It wasnt that time that blew the vein or the time when she had to give it to me overnight but they just kept pumping me full of benadryl my neck btw was red and itchy with oral benadryl that one time, so they gave me IV benadryl ...this was the time after the body rash....the swelling of my neck occurred after the IV benadryl...you think that would have stopped the reaction I told the resident about
it he said well we will do it again and if you react I want to see it freaking moron sure Ill have another severe allergic reaction just so you can see what one looks like felt like telling me why dont you sit here during the whole darn infusion with an epi pen ready if you want to see me react to it. And yes I had my vanco infusion again on thanksgiving morning after the infusion I showed them how swollen my wrist was they stopped all fluids at that point since I was going home but left the iv in for pain meds...they burned like crazy since yet again the vanco blew my vein.
Just be careful with new meds no matter what type they are notice any differences you may feel.

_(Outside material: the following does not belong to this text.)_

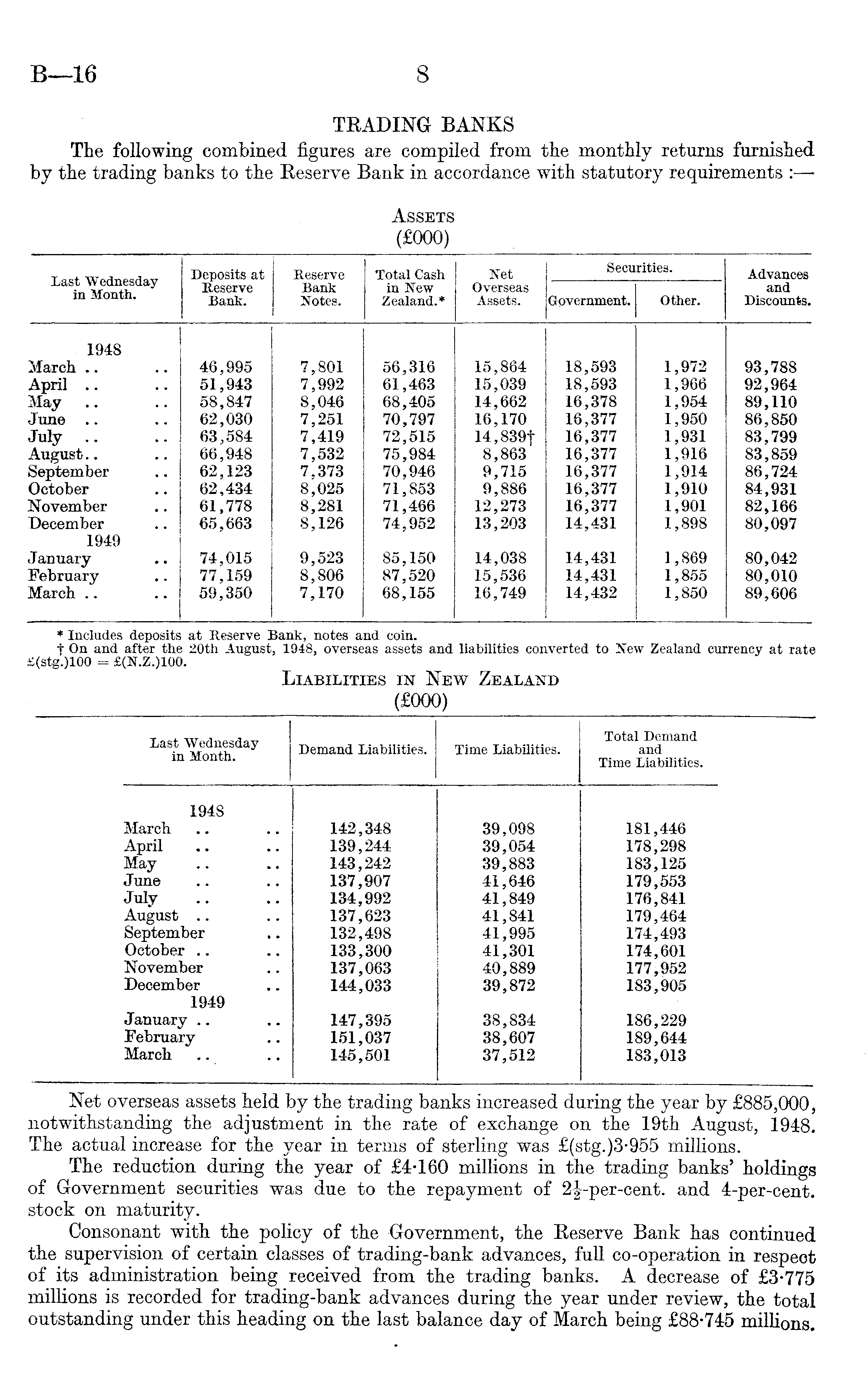 Net overseas assets held by the trading banks increased during the year by £885,000, notwithstanding the adjustment in the rate of exchange on the 19th August, 1948. The actual increase for the year in terms of sterling was £(stg.)3-955 millions. The reduction during the year of £4-160 millions in the trading banks' holdings of Government securities was due to the repayment of 2|-per-cent. and 4-per-cent. stock on maturity. Consonant with the policy of the Government, the Reserve Bank has continued the supervision of certain classes of trading-bank advances, full co-operation in respeot of its administration being received from the trading banks. A decrease of £3-775 millions is recorded for trading-bank advances during the year under review, the total outstanding under this heading on the last balance day of March being £BB-745 millions.

I was on lexapro before and i was itchy at bedtime and finally figured out that was what was different in my regimen...I was on high doses of pred at that time too...the itchyness actually kept me awake at night and I take benadryl every night and pretty much always have in addition to script
allergy meds and to think I was on pred then when I had the reaction to lexapro. I didnt have a reaction to vanco back in Feb/March but I was on pred IV at the time but in the past I had a reaction to it...what ever happens just beware of new meds and drug interactions. Make sure to get some heavy duty sunblock for your vacation especially with those ABs plus pretty much any CD med makies you ultra sensitive to the sun as do many other meds
Dx with Crohn's 1987, symptoms as early as 1984.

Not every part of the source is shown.